Police were able to track down a man accused of rape through a Facebook “friend request” sent to the alleged victim on the night she claims she was attacked.
The woman, who cannot be named for legal reasons, told police she was attacked by Saulius Bauza, of Broad Road in Arvagh, Ireland.
She says the 40-year-old abducted and raped her at a guesthouse in Huntly on April 7, 2019.
He denies the charges against him, and lodged a special defence of consent in relation to the rape allegation.
The High Court in Aberdeen yesterday heard from detective constable Tanya McCall that the alleged victim had received a Facebook friend request from Bauza on the night she claims she was attacked by him.
Taking the stand on the third day of the trial, which is being heard before a remote jury of eight men and seven women, Bauza claimed it was the woman who took his phone and added him as a Facebook friend while they were outside a club having a cigarette.
He also claimed the woman, who is seen on CCTV leaving and then returning to the guesthouse on two occasions prior to the alleged rape, had been behaving erratically and that he had been “concerned for her” that night.
The doctor who examined the woman after she called the police told the court he found injuries “consistent with blunt force trauma”.
Forensic physician Dr Stuart Taylor said two of the wounds were in “an unusual site for accidental injury”.
Dr Taylor noted a total of 11 bruises, red marks and scratches on the woman during a physical examination later in the day she claims she was attacked.
The court had already been shown CCTV footage of the woman and Bauza dancing together that night as well as further videos of them walking through Huntly together.
Jurors were also shown footage of a woman running away from the guesthouse in a towel and falling, as well as another video with the woman walking away from the guesthouse at 4.21am being followed by Bauza.
She received a large cut to her chin as a result of the fall.
The court was shown a printed diagram of a female body with injuries noted on the woman’s abdomen, arms and inner thigh.

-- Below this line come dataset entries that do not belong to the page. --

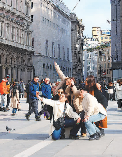 意大利米兰市中心,中外游客在景点前摆造型拍合影。
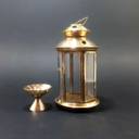 eze enterprises DIya/lamp Cover with glass (with Lamp/Diya) for Tulsi Deepam / Akhand Diya. Brass, Glass Hanging Diya Set (Height: 5 inch)
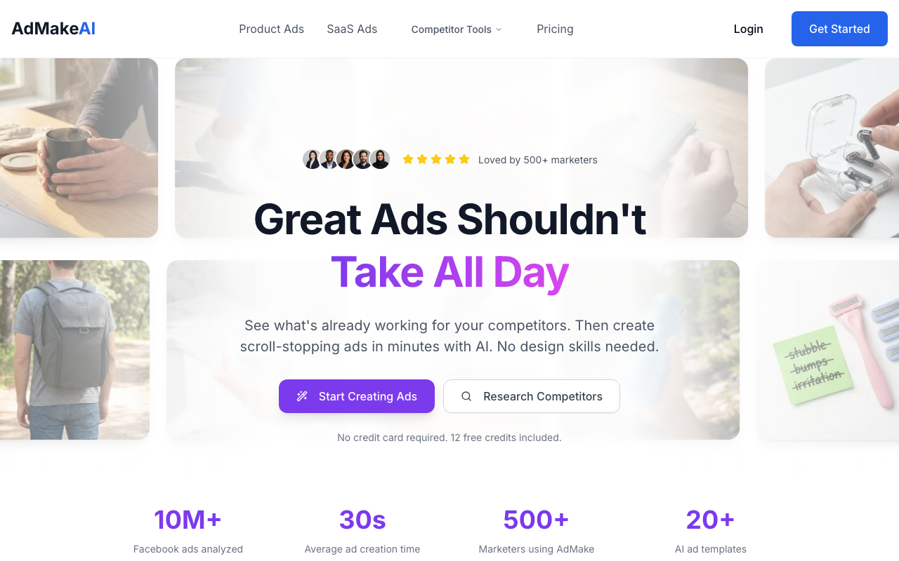 AdMake AI ayuda a investigar qué anuncios están funcionando en Facebook e Instagram y a convertir esos hallazgos en creatividades listas para usar. Su enfoque está centrado en anuncios estáticos, copy publicitario y variaciones inspiradas en lo que ya convierte en tu nicho.
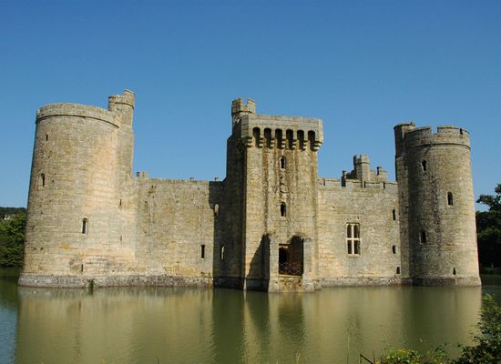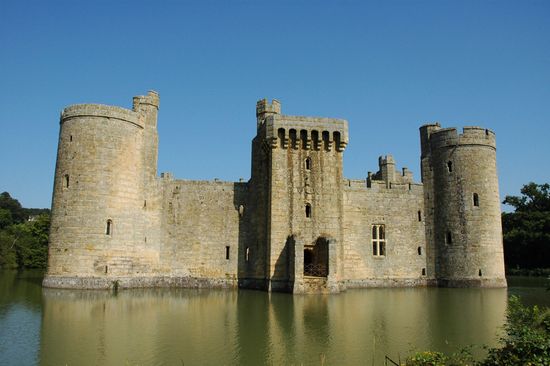 As you cross over the railway line you will be able to see Bodiam castle in front of you. The appearance of Bodiam Castle is exactly how most people imagine a medieval castle should look like, with its square of walls, a round tower at each corner, and a square tower midway along each wall, entirely surrounded by a moat. That it looks so perfect and picturesque may not be by accident for many people have debated whether the castle was really built as a defensive fortress or as an elaborate stately home.
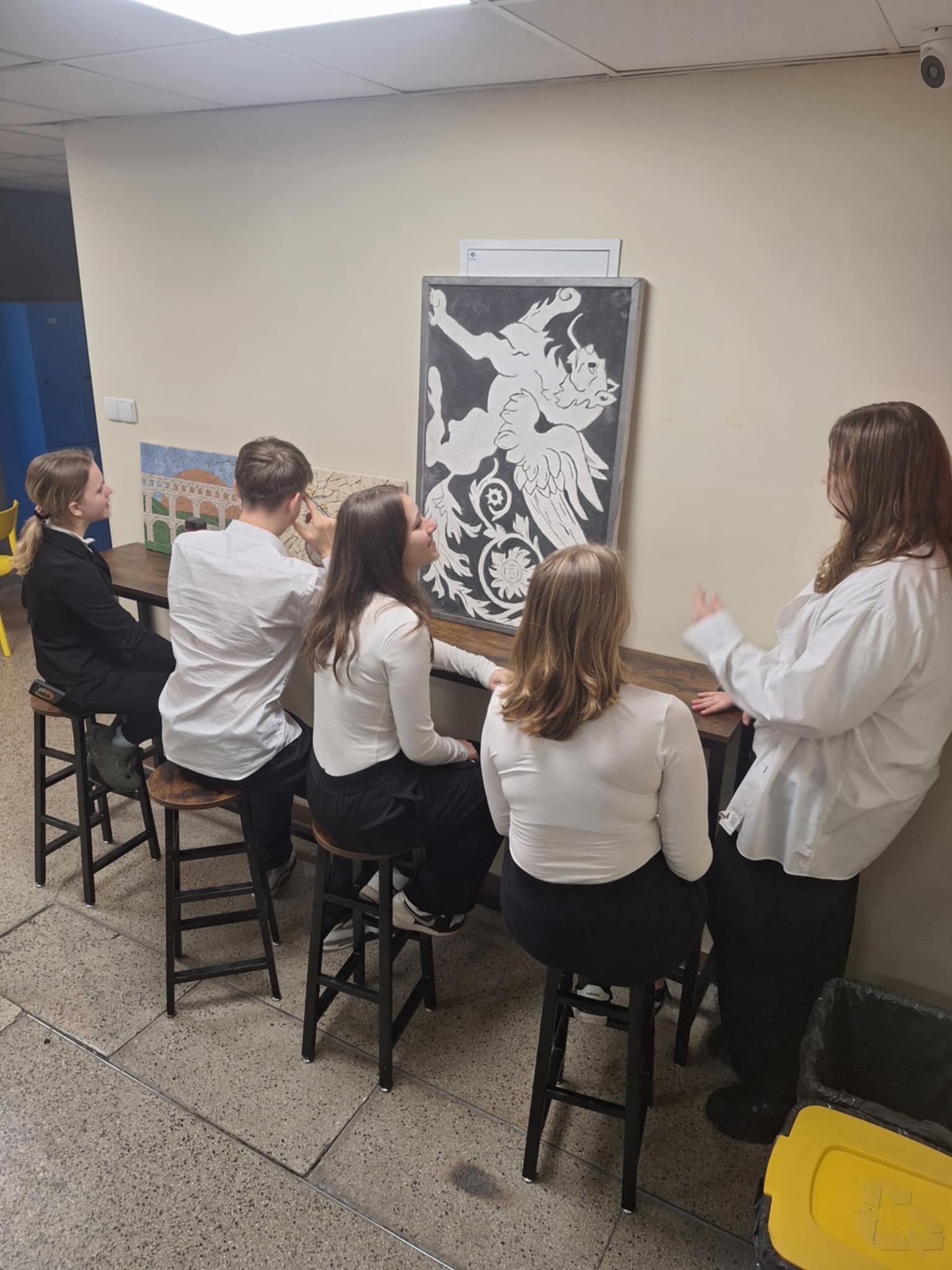 W Technikum ustawiono stoliki barowe, idealne na przerwy i wspólne rozmowy.
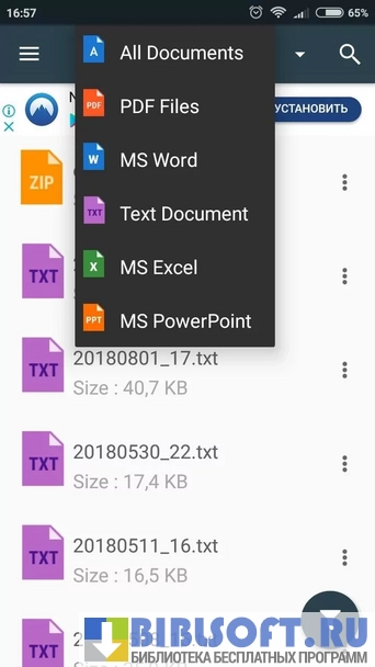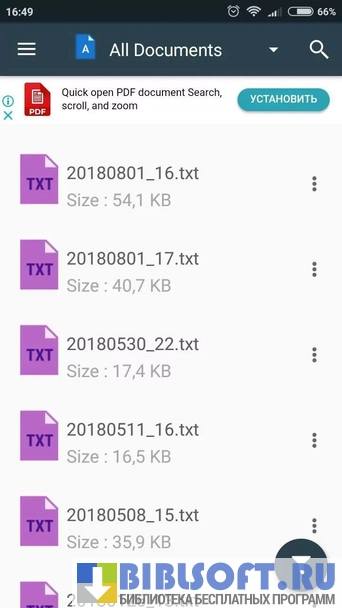 Позволяет объединить все имеющиеся на смартфоне текстовые файлы в единый информационный каталог. Документы удобно каталогизируются по типу, размеру и дате создания. Поддерживаются следующие форматы – PDF, Word, TXT, RAR, ZIP, PPT, Excell и др.
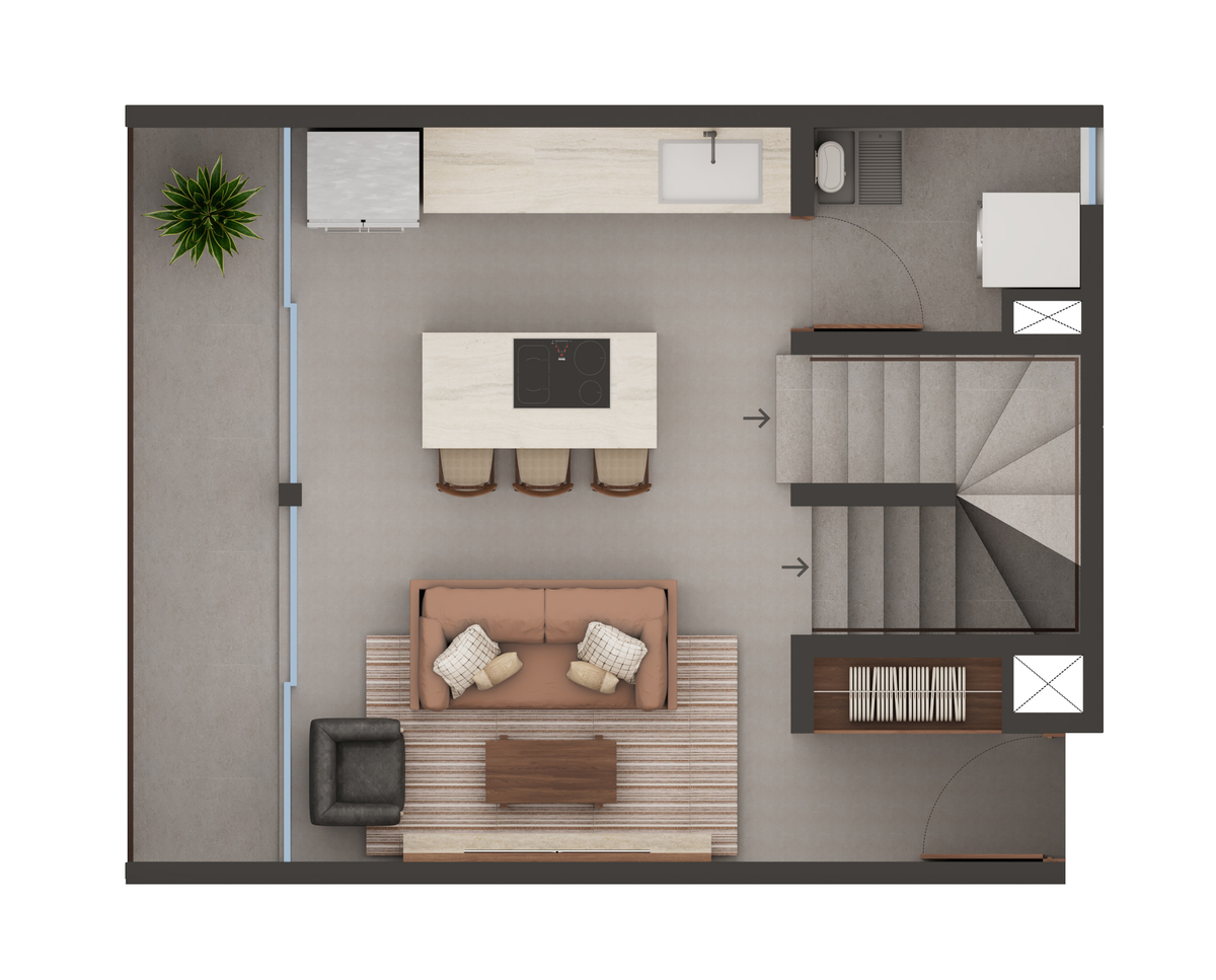 ● Distribución en dos niveles con áreas abiertas de sala y comedor
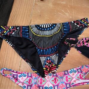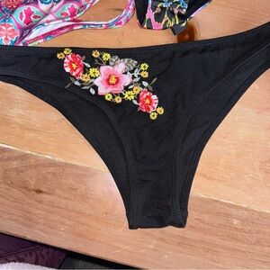Set of four bikini bottoms in vibrant patterns. Includes black with embroidery, multicolor geometric, and abstract designs. Brand from ASOS, H&M & Bar III Sz from 4/6, S/M

Advocate depute Ann Gray asked Dr Taylor to clarify his statement that the injuries found to the alleged victim’s right thigh were “in an unusual site for accidental injury”.
He said: “You often see bruising on people who may have fallen, or knocked themselves or bumped against something, and that tends to be on the outer aspect of thighs or arms.
“It’s much less likely you would injure yourself on the inside of your thighs as a result of bumping into something or having fallen.”
However, cross-examining the witness, defence counsel Leigh Lawrie asked Dr Taylor if he was able to say whether the injuries were “all acquired at the same time”.
Dr Taylor said: “It is not possible to say when they were acquired”.
Ms Lawrie added: “Depending on how she fell, is it possible that any of the other bruises could have been suffered during the fall?”
Dr Taylor responded by stating that “some of the other bruises may been suffered during the fall”.
The trial, before Judge Graham Buchanan, continues.